そうすればそもそも輸血が必要な場面を減らせて、みんな円満です。
それでも不安なら高地トレーニングで赤血球を増やしておいてください。



以上、輸血問題について触れてみました。
多少言葉が荒っぽいところはご容赦ください。出来る限り歩み寄って考えて理解しようと努力しています故。

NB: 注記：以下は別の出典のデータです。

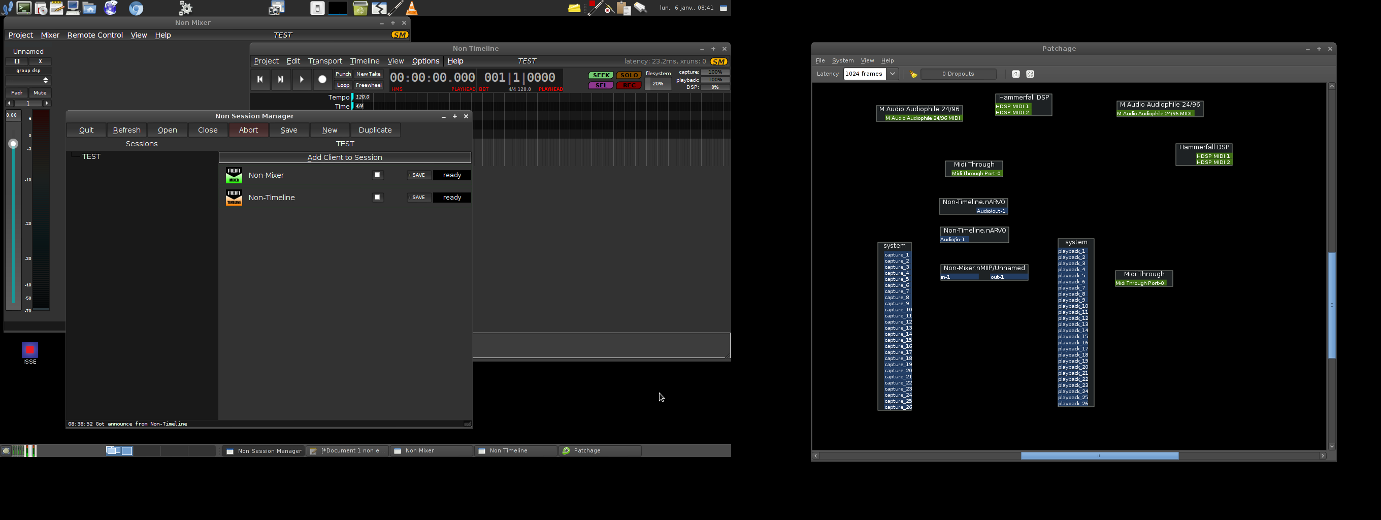 L'application JACKPatch, livrée avec, permet de restaurer les connexions JACK si elle est intégrée dans la session.

また、すべてのとある宗教の人が輸血を拒否するかと言うとそうでもないかも知れません。
「どーぞどーぞ輸血してくれちゃっていいですよ。命あってのモノダネじゃーん?」
という割と柔軟な人もいるでしょう(てゆーか実際いるw)。



最後に、K2で私の医療観を見事に代弁してくれた名セリフがあるので、アレンジして載せておきます。



命より重い思想など、俺は認めん!!!


コメント

_ なす ― 2006年06月07日 16時13分54秒

by TブーS
とかいってみるテスト。

宗教関係はついさっき草加関係のも見っけたんだが、結局するのは勝手だがどこまで自己を保てるかの問題なのかね。
輸血問題も然り。通常の判断機能を持っていれば子供のほうがかわいいはずなので。
ま、そういうやつらにとっては宗教に準じるほうが通常の判断なのかもしれないがw
どうにせよ、俺にはわからんことだな。。。

_ @DRK ― 2006年06月07日 17時48分12秒

第4期小夜テラモエスwwww

この問題は、前から自分の主張は一貫して同じで、「自分が死ぬのは止めないが他人巻き込むなや」です。
OHPじゃあ容認と言うか正当化しちゃってるけど、そこは許せぬ。

そもそも、いくら宗教だからってその土地や国のルールを無視していい、なんて免罪符は無い訳よ。
フランス現地の三ツ星レストランで箸を使うようなもんだ。法的にどうこうじゃなく、空気読めと。
これは全ての宗教に言えることだけどな。